Structurally, this is not a book that moves forward in a straight line. Roy tells you early that something terrible happened, a drowning and a death and a family fractured, then circles it from different angles, withholding the full shape until the very end. So the suspense isn't about what happened but about how, and why, and who paid for it. That spiraling design is the book's great gamble. The early chapters can feel disorienting, dense with names and time-jumps and Malayalam phrases, before the pattern clicks into focus. Stay with it. By the midpoint the accumulation starts to pay off, and small images planted early come back later carrying real force.
Underneath the family story runs a hard political current. This is Kerala in 1969, where caste lines and Communist politics and the unspoken rules about who may touch and love whom are not abstractions but matters of life and ruin. Roy never lectures, but she's furious, and the novel's central tragedy grows directly out of a love the surrounding society cannot tolerate. The rules that haunt the book, the ones that govern how much love is permitted and to whom, become the engine of everything that breaks. It's a story about smallness: small people crushed by big forces, small tendernesses that history doesn't allow.

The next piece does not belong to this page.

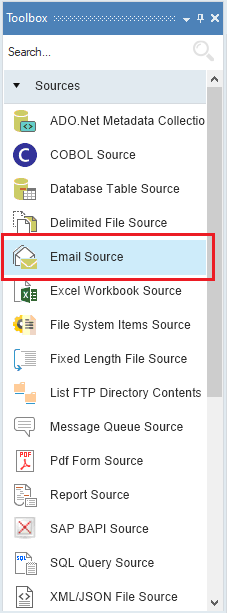 To get an Email Source object from the Toolbox, go to Toolbox > Sources > Email Source. If you are unable to see the Toolbox, go to View > Toolbox or press Ctrl + Alt + X.
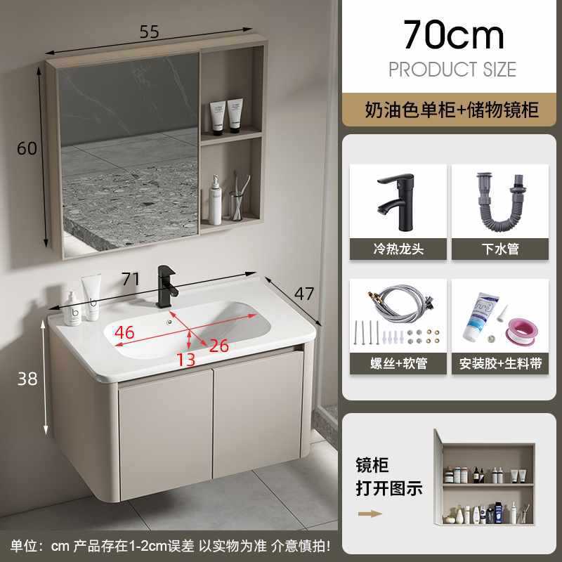 • 70 얇은 모서리 둥근 세면대 캐비닛 + 수도꼭지 + 수납 거울 캐비닛

What lingers most is the tenderness between the twins themselves, that almost telepathic closeness the book treats as the truest love in the story. Roy is unflinching about childhood's cruelties and its helplessness, and she lets the consequences of one day ripple across decades without softening them. This is a sad book, genuinely and structurally sad, and it earns that sadness rather than performing it. The pleasure here is in the sentences and the slow assembly of meaning, not in comfort.
Readers who love immersive, voice-driven literary fiction in the Faulkner mode, where prose and structure are inseparable from the story, will find this one of the most rewarding books they read. I'd add Toni Morrison to that shelf myself. If you prefer plain prose, brisk plotting, or a clean chronological line, know going in that Roy asks for patience and gives her payoff in waves rather than chapters.